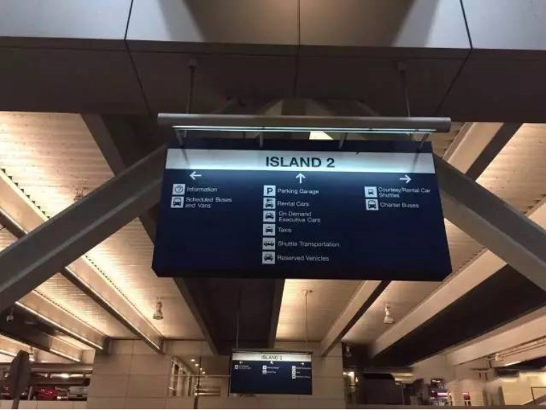 波特兰机场的候车点分为 Island 1/ 2/ 3,通往学校的大巴在 Island 2乘坐(如图)
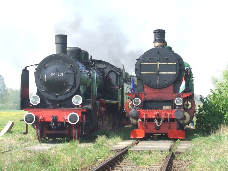 Relaks, trochę gaworzymy z miłośnikami z Austrii, i już się zaczyna, i tu okazuje się, że nasza lokalizacja jest bardzo dobra, parowozy dojeżdżają pod sam "nos", możemy robić spokojnie zdjęcia, młody Zvolack ma piękne zdjęcie z węgierskim parowozem, a właściwie na nim, piękna pogoda, doborowe towarzystwo, parowozy, czegóż chcieć więcej?
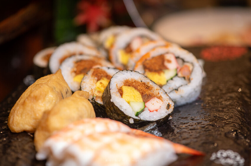 除了生魚握壽司外還有還有花壽司跟鮮蝦、豆皮壽司,不敢吃生魚片的朋友這個也很不錯。
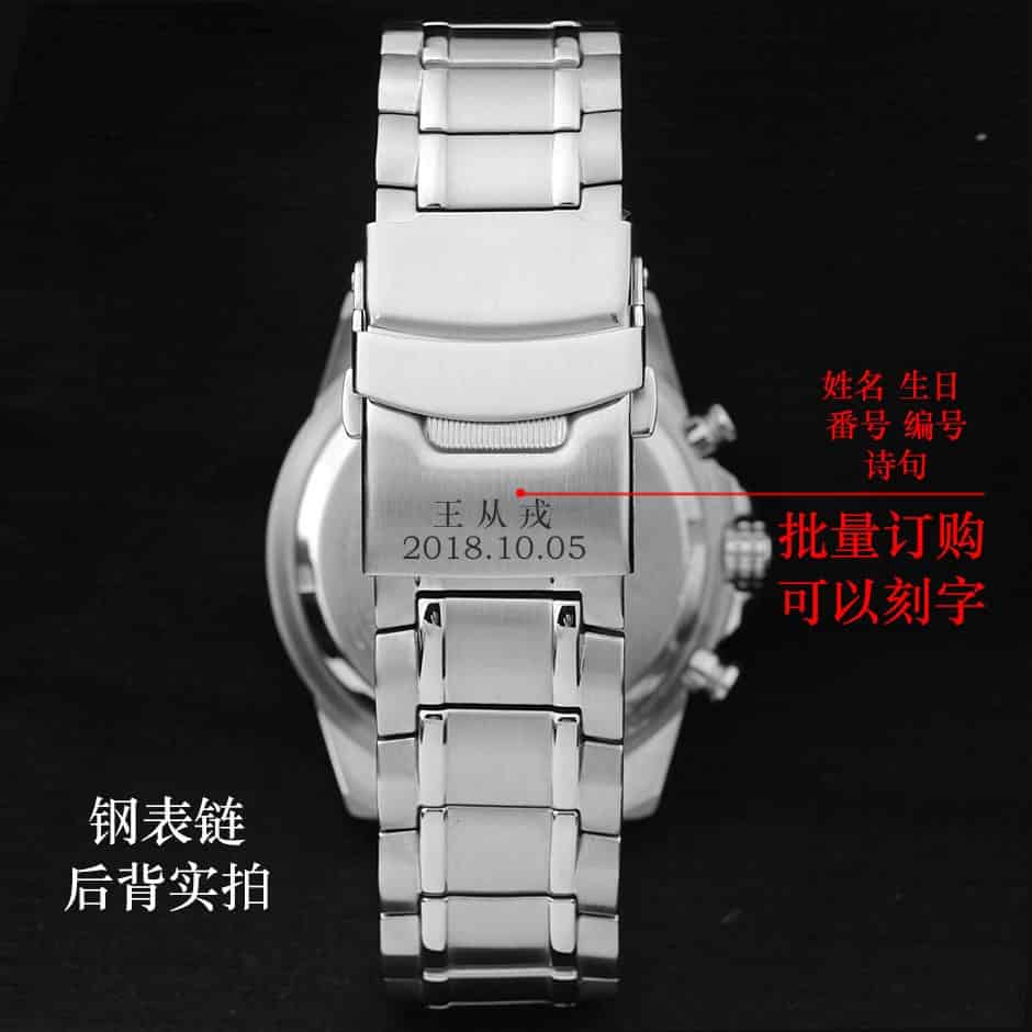 1、可以在表带按扣、后背等处用激光刻文字、英文、数字、LOGO图案,比如诗句,姓名,生日,番号等内容,字数1~20个字之内。单次购买手表在1000元以上或单次5只以上可以免费刻字。单次买表在1000元以下的,刻字每只表收费30元。

**WHAT YOU NEED TO DO**: Restate the material above word for word, dropping the pictures.

**SOLUTION TO THE PROBLEM**:
 波特兰机场的候车点分为 Island 1/ 2/ 3,通往学校的大巴在 Island 2乘坐(如图)
 Relaks, trochę gaworzymy z miłośnikami z Austrii, i już się zaczyna, i tu okazuje się, że nasza lokalizacja jest bardzo dobra, parowozy dojeżdżają pod sam "nos", możemy robić spokojnie zdjęcia, młody Zvolack ma piękne zdjęcie z węgierskim parowozem, a właściwie na nim, piękna pogoda, doborowe towarzystwo, parowozy, czegóż chcieć więcej?
 除了生魚握壽司外還有還有花壽司跟鮮蝦、豆皮壽司,不敢吃生魚片的朋友這個也很不錯。
 1、可以在表带按扣、后背等处用激光刻文字、英文、数字、LOGO图案,比如诗句,姓名,生日,番号等内容,字数1~20个字之内。单次购买手表在1000元以上或单次5只以上可以免费刻字。单次买表在1000元以下的,刻字每只表收费30元。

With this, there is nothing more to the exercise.